Business skills are only one part of the equation when a company in the East is looking to break into the West, or a company in the West is looking to penetrate the healthcare markets of the East. To realise true value in this marketplace an executive needs to have the 'x-factor'. The x-factor is a powerful amalgam of business skills and cultural plurality which allows effortless movement between two worlds with very different business and civil cultures.
Typically, in the East people work for a boss and trust that their intention will help the staff along: 'do well and the rest will follow'. In the West, business is more target and process driven and if these are delivered, a career will go well. In the West, alongside the business targets, workers have to master the 'how' and 'why' of doing business. In Asia business is very much about modesty, teamwork, time, trust and a degree of ambiguity which sits uncomfortably with the typical Western psyche.
Taking someone from the East and putting him or her into a company from the West tends to be easier, but clan-based cultures make it difficult to wean key people away. The big question is whether they can adapt to all the different aspects of compliance. Experience suggests that the best thing is to professionalise local people. This was a key motivator for supporting the creation of the Pan-Asian Clinical Research Association (PACRA) to support training and education for clinical research professionals in Asia.
Sometimes people who do not fit the standard mould are needed; people who can make things happen in areas where the organisation has little insight or influence. This requires the sourcing of the 'honourable maverick'; someone who can be difficult to manage in the conventional sense but who can be trusted to do the right thing if sent off to 'distant lands'. This rare breed has the optimum mix of assertiveness, knowledge and entrepreneurial spirit.

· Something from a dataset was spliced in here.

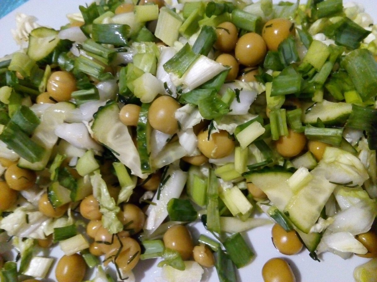 Готовить этот салат надо в сытом состоянии, в процессе приготовления пробовать нельзя! (Из личного печального опыта автора). Мне очень захотелось реализовать идею читательницы Людмилы (спасибо!). И результат мне очень понравился. Салат состоит из зелёных овощей и зелени. Шинкуем пекинскую капусту, немного солим, перетираем, режем свежий огурчик, добавляем немного укропа, зелёного лука. На одну порцию, по принципу "тарелки", овощной смеси должно быть 100-150 г для дам, 100-200 г для мужчин. Добавить консервированный зелёный горошек, это сложный углевод, на порцию берём 50-100 г, мужчинам можно увеличить порцию горошка до 130 г. Зелёный горошек относим к сложным углеводам, хоть это и овощ, потому что все термически обработанные овощи, фрукты или ягоды теряют в качестве своей клетчатке, т.е. теряют способность замедлять поступление глюкозы из пищи в кровь, характерное для сырых овощей, фруктов, ягод, в которых клетчатка "хорошего качества". К этому салату необходимо добавить третий компон

Whether it is an established pharma looking to optimise investment in the East, or emerging pharma looking to go West, talent plays an important part in value generation. The x-factor that everyone is looking for is great business acumen allied to an ability to bridge the cultural divide and work equally effectively in both worlds. Immediate requirements may be met through getting the best out of the sea turtles, pioneering Westerners and honourable mavericks. Longer term, the future rests with the next generation that will grow up in a more diverse and multicultural industry.